:: Task to complete ::
From the first line down to the line containing "德國LUMTECHTM品牌C", print the records below exactly, leaving every picture out.

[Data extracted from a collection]
● ● ● ● ● ● ●

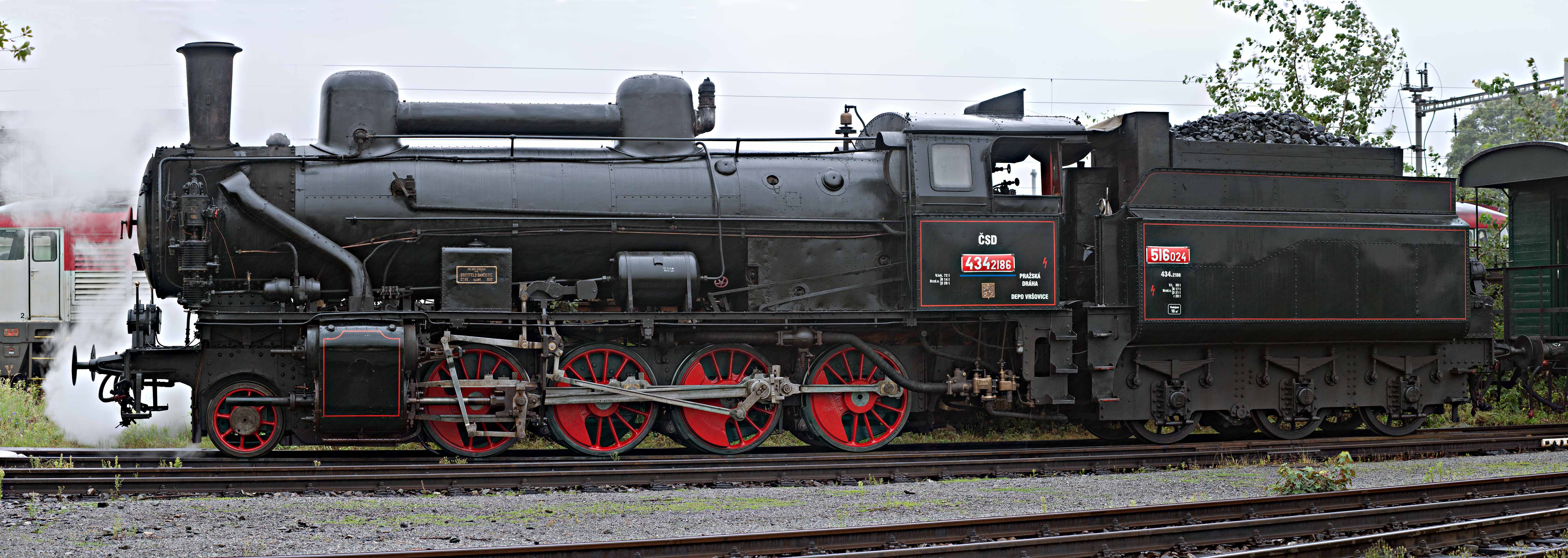 Před rokem 2010 jsem se zabýval projektem "Přežily rok 2000", jednalo se o portréty dochovaných parních lokomotiv. Mám fotku vršovické 434.2186, která byla pořízena za deště, takže ji pruhy od padajících kapek poněkud znehodnotily. Myslím, že ji můžu uvolnit pro modeláře. Musel jsem ji zmenšit na čtvtinu a hodně zkomprimovat, aby se to propasírovalo do fóra. Ale když si ji prohlédnete v plném rozlišení dá se tam ještě najít hodně detailů.
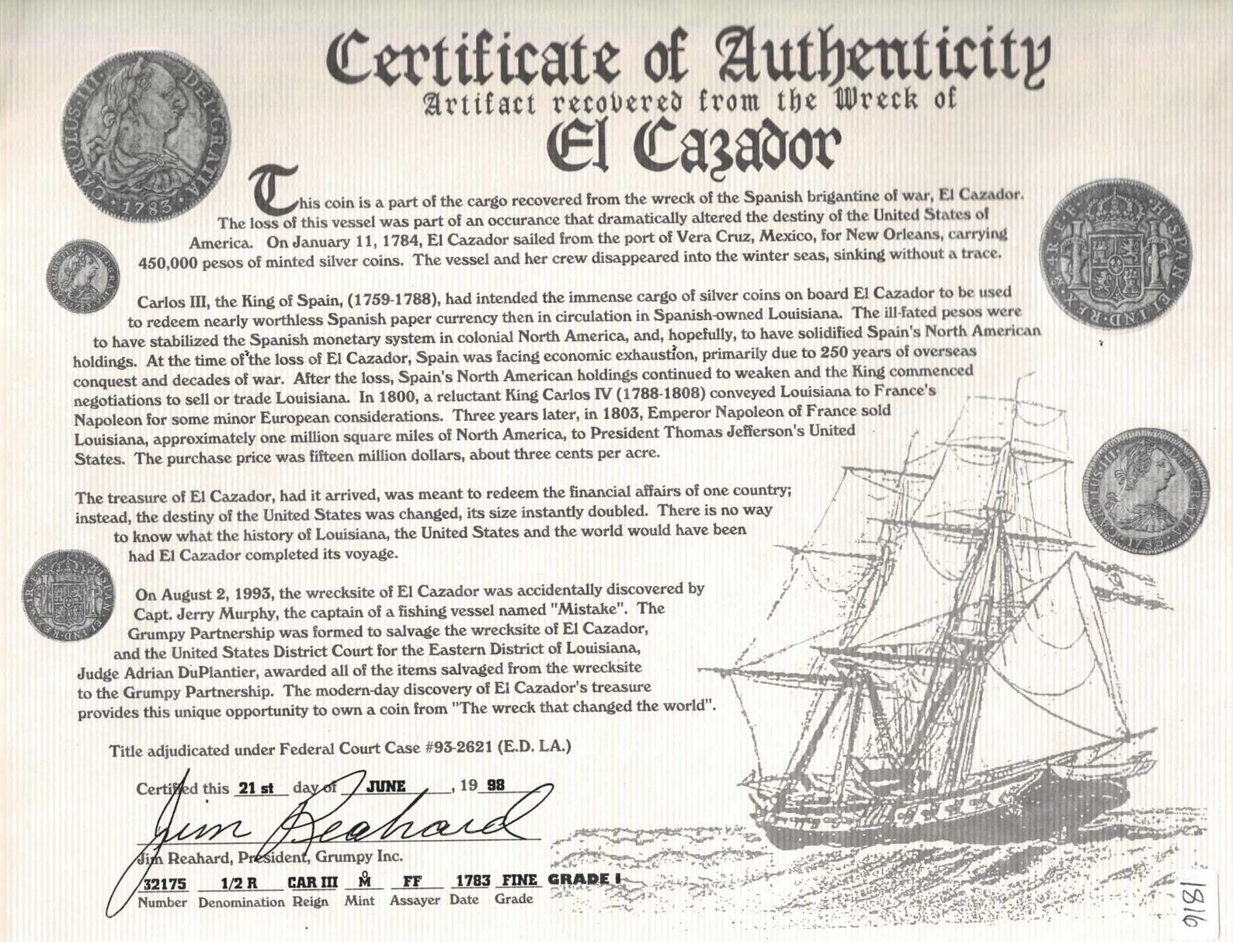 MEXICO, Mexico City, bust ½ real, Charles III, 1783 FF, NGC AU details / saltwater damage (El Cazador Shipwreck Label). Yonaka-M05.83; KM-69.2; Cal-211. Well-detailed piece with dark-toned, lightly corroded surfaces. With original Reahard certificate 32175. Recovered from: El Cazador, sunk in 1784 in the Gulf of Mexico
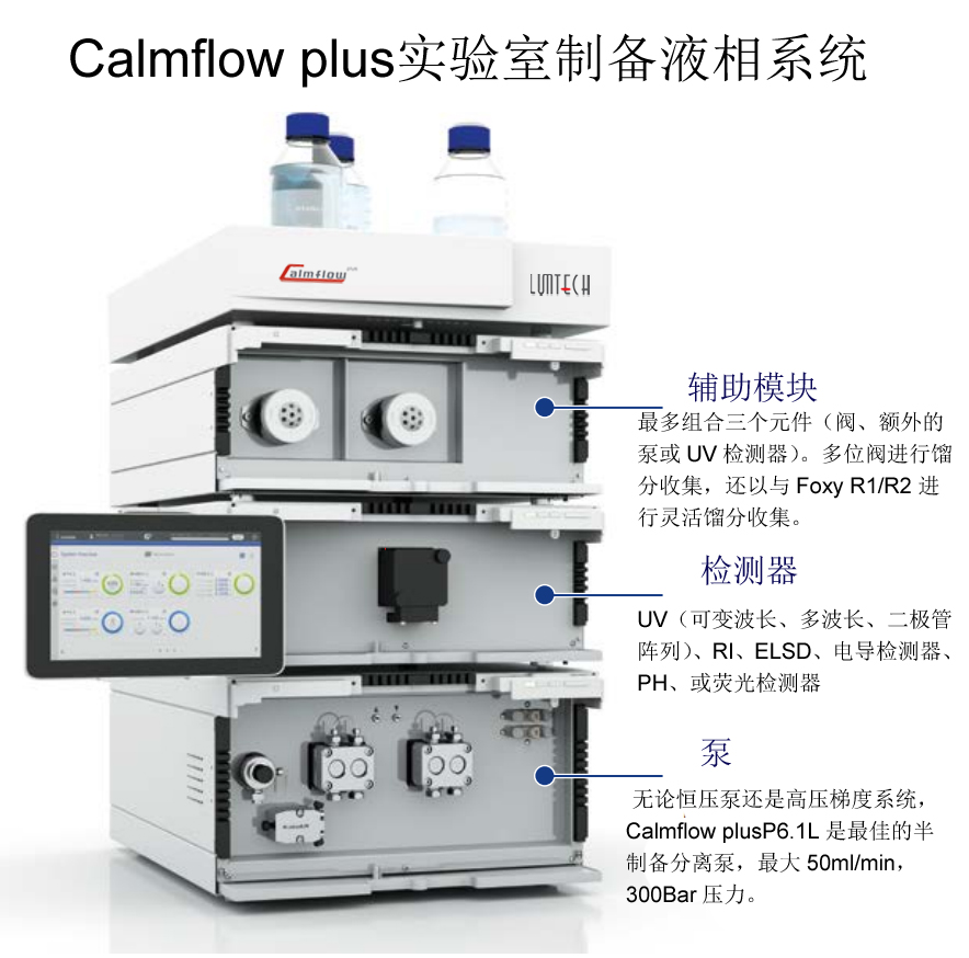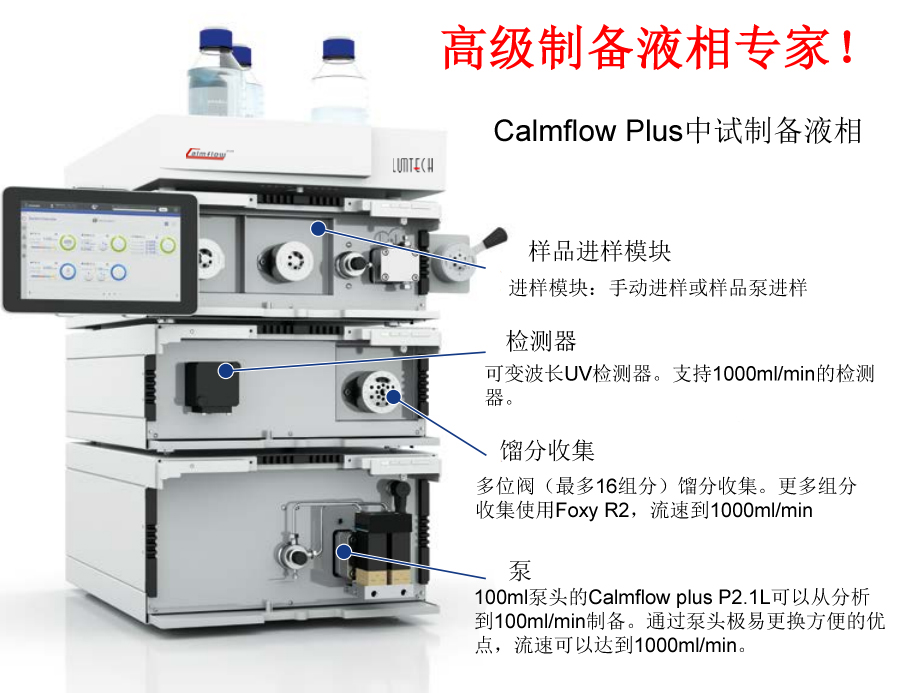 德國LUMTECHTM品牌Calmflow plus制備液相具有靈活性,高1000ml/min,100g/天,單柱制備流程。
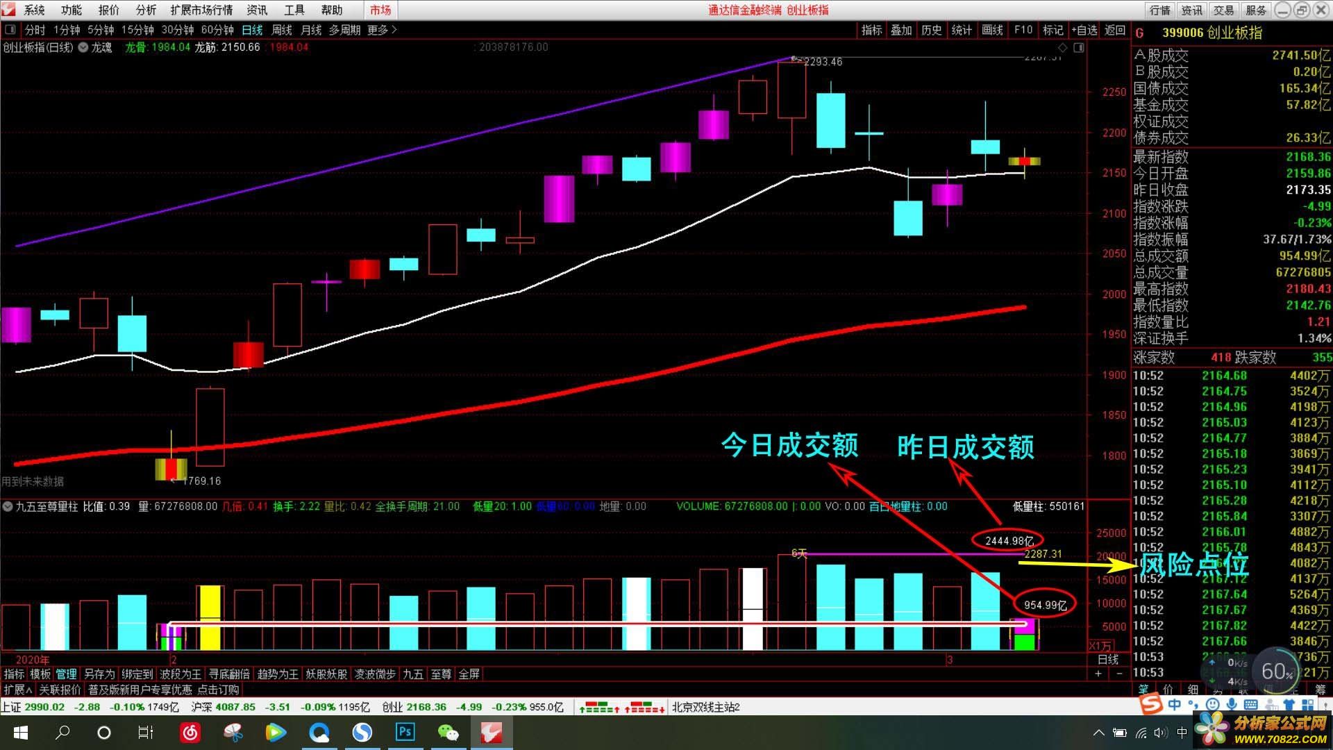 我入市之初的感受入市之初,见山是山,见水是水,几经蹉跎,见山不是山,见水不是水,而如今见山仍然是山,见水仍然是水!我再次把自己的所有理念全都写入指标,然后我又开始相信了指标了!兜兜转转一大圈,后来还是转入研究最普通的指标了,如:价柱、量柱、MACD,以前迷恋各种指标,软件上装满了花花绿绿的指标,直至账户亏损到心态崩溃后清理掉所有垃圾指标。今天我要分享的指标就是量柱,什么都可以骗人,唯独成交量难骗人。但是大部分人看量柱也只是看有无底部放量和高位放量,所有人都知道的是底部放量一般是建仓,高位放量一般是出货。但是量隐藏的信息远非这点东西,想要紧跟主力的脚步,唯一的思路就是量,主力什么都可以作假,但难免会在量柱上留下蛛丝马迹。股谚:量在价先。军马未动,粮草先行!九五至尊量柱是需要配合战法使用的,量这东西研究起来几篇帖子都写不完,后面我会在驿站里详细讲解九五至尊量柱的用法及含义。{程序化交易 www.cxh99.com }
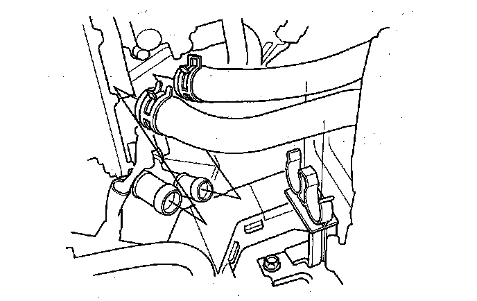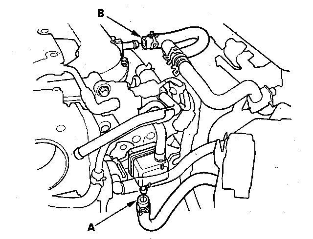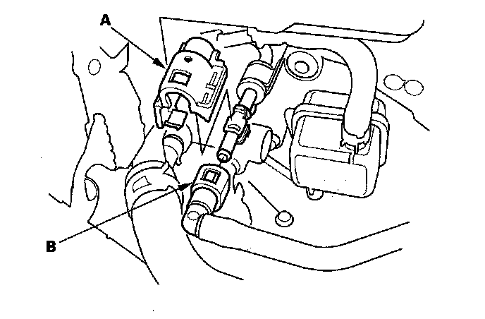 13. Remove the evaporative emission (EVAP) canister hose (A) and the brake booster vacuum hose (B).
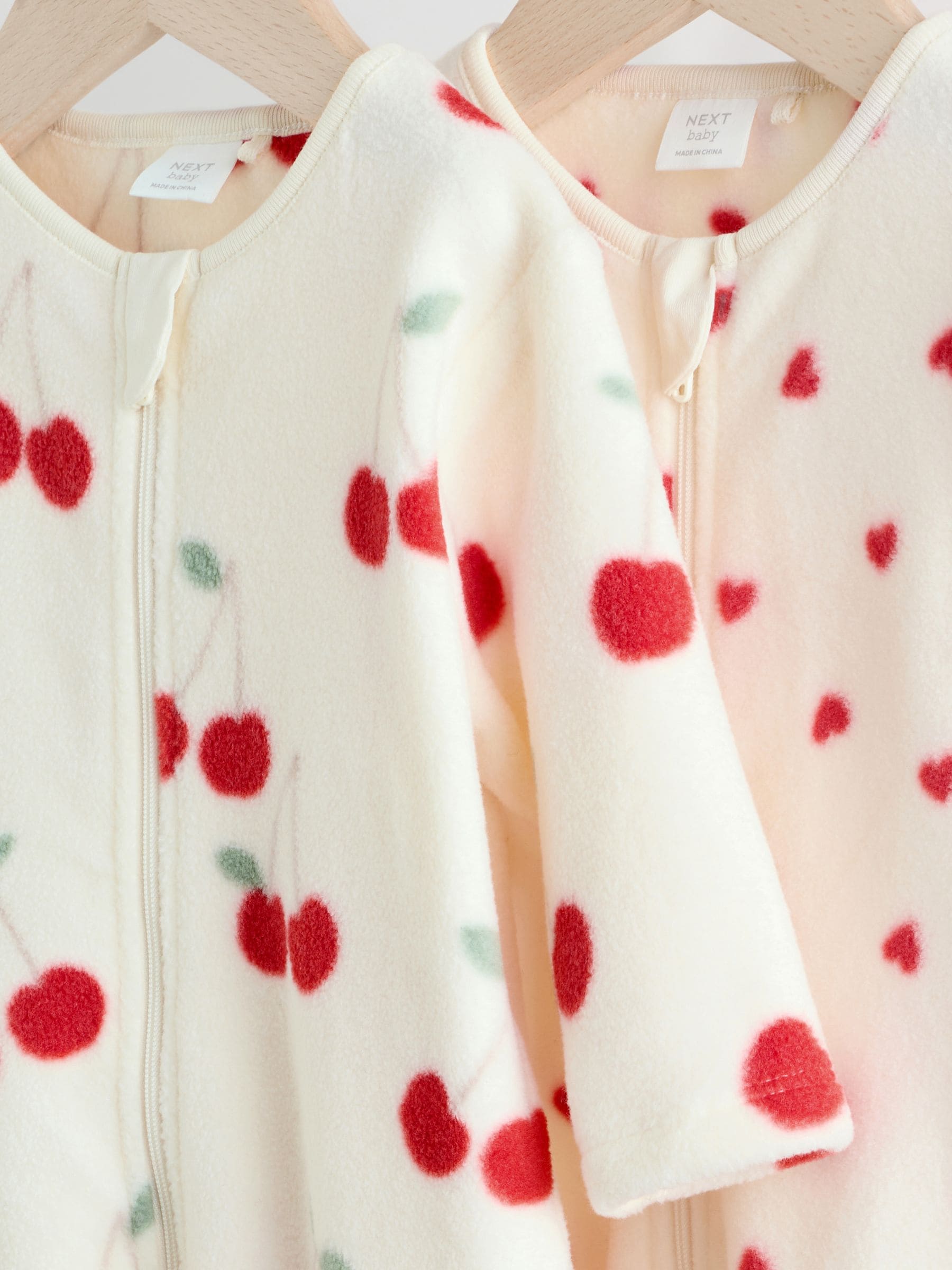 Red 2 Pack Micro Fleece Two Way Zip Baby Sleepsuits

● ● ● ● ● ● ●

:: Reply ::
 Před rokem 2010 jsem se zabýval projektem "Přežily rok 2000", jednalo se o portréty dochovaných parních lokomotiv. Mám fotku vršovické 434.2186, která byla pořízena za deště, takže ji pruhy od padajících kapek poněkud znehodnotily. Myslím, že ji můžu uvolnit pro modeláře. Musel jsem ji zmenšit na čtvtinu a hodně zkomprimovat, aby se to propasírovalo do fóra. Ale když si ji prohlédnete v plném rozlišení dá se tam ještě najít hodně detailů.
 MEXICO, Mexico City, bust ½ real, Charles III, 1783 FF, NGC AU details / saltwater damage (El Cazador Shipwreck Label). Yonaka-M05.83; KM-69.2; Cal-211. Well-detailed piece with dark-toned, lightly corroded surfaces. With original Reahard certificate 32175. Recovered from: El Cazador, sunk in 1784 in the Gulf of Mexico
 德國LUMTECHTM品牌Calmflow plus制備液相具有靈活性,高1000ml/min,100g/天,單柱制備流程。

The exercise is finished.